Research can be applied in the court system in the area of juvenile competency. In fact, there is an extensive research project on issues of juvenile justice conducted by the MacArthur Foundation Research Network on Adolescent Development and Juvenile Justice. This multifaceted research project “seeks to expand the base of knowledge about the origins, development, prevention, and treatment of juvenile crime and delinquency."* An additional goal of this research is to improve the current decision-making processes of the juvenile system and to set the stage for future reforms in juvenile justice policies and practices. One aspect of this major research undertaking is the MacArthur Juvenile Competence Study. Much information has come from this project and the empirical data is helping to reshape juvenile justice codes on juvenile competence to stand trial.

*MacArthur Foundation Research Network on Adolescent Development and Juvenile Justice. (n.d.). MacArthur Foundation Reasearch Network on Adolescent Development and Juvenile Justice. Retrieved October 2, 2009, from http://www.adjj.org/content/index.php

In this assignment, you examine various aspects of this interesting area of research and how such research can be applied in a court setting.You also explore juvenile development in general and how developmental issues shape the legal criteria of competence to stand trial for juvenile defendants, both of which can have broad application in the courts.

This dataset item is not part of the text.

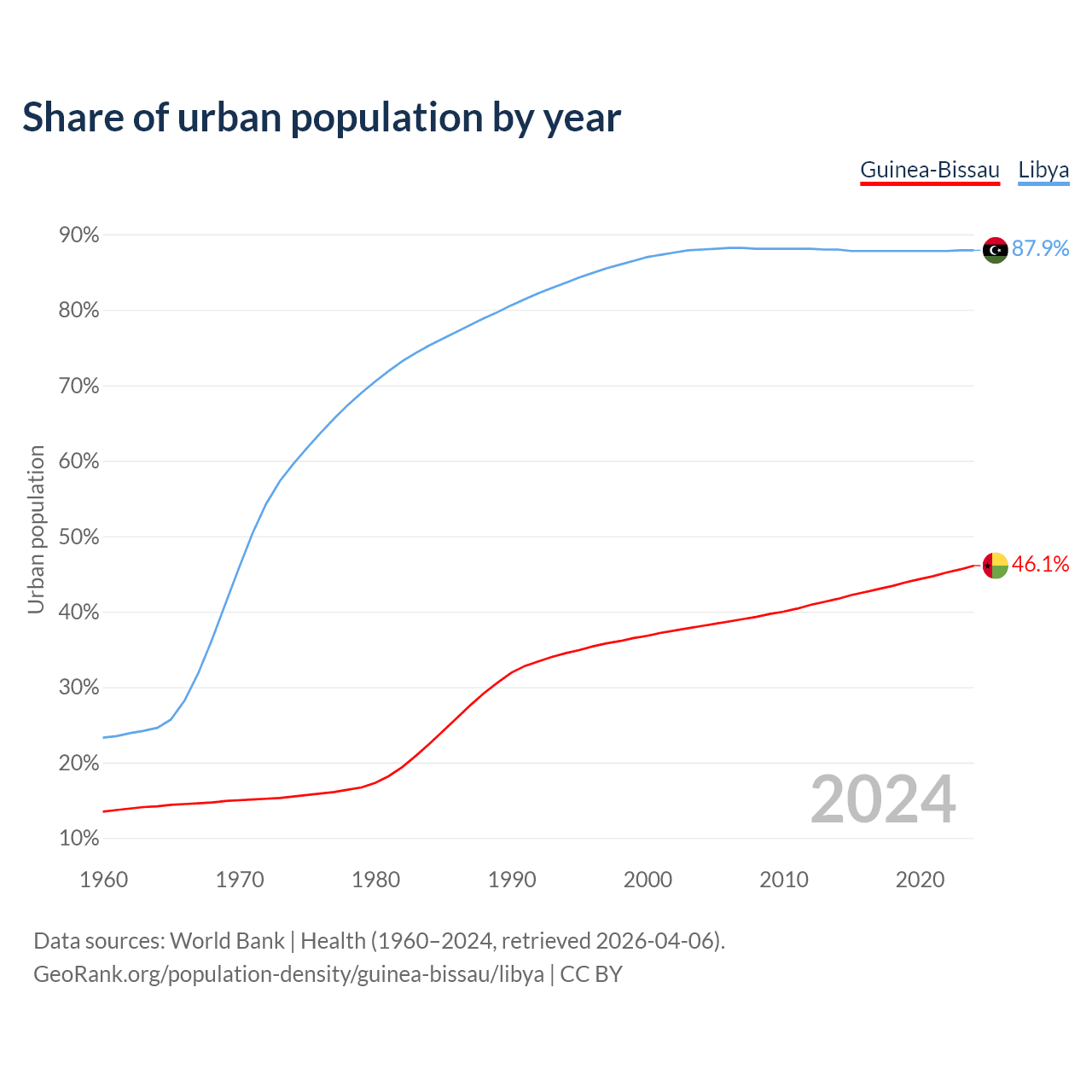 From 2004 to 2024, the share of urban population changed from 38.1% to 46.1% in Guinea-Bissau and from 88% to 87.9% in Libya.

To prepare for this assignment:

  • Review the web article, “Issue Brief 1: Adolescent Legal Competence in Court.” Think about how this information might assist a forensic psychology professional who is tasked with assessing a juvenile's competency to stand trial.
  • Using the library or search engine, select a peer-reviewed research article dealing with the assessment of juvenile competency to stand trial.
  • Review the article you selected and reflect on how the study was conducted as well as how it might assist a forensic psychology professional who is tasked with assessing a juvenile's competency to stand trial.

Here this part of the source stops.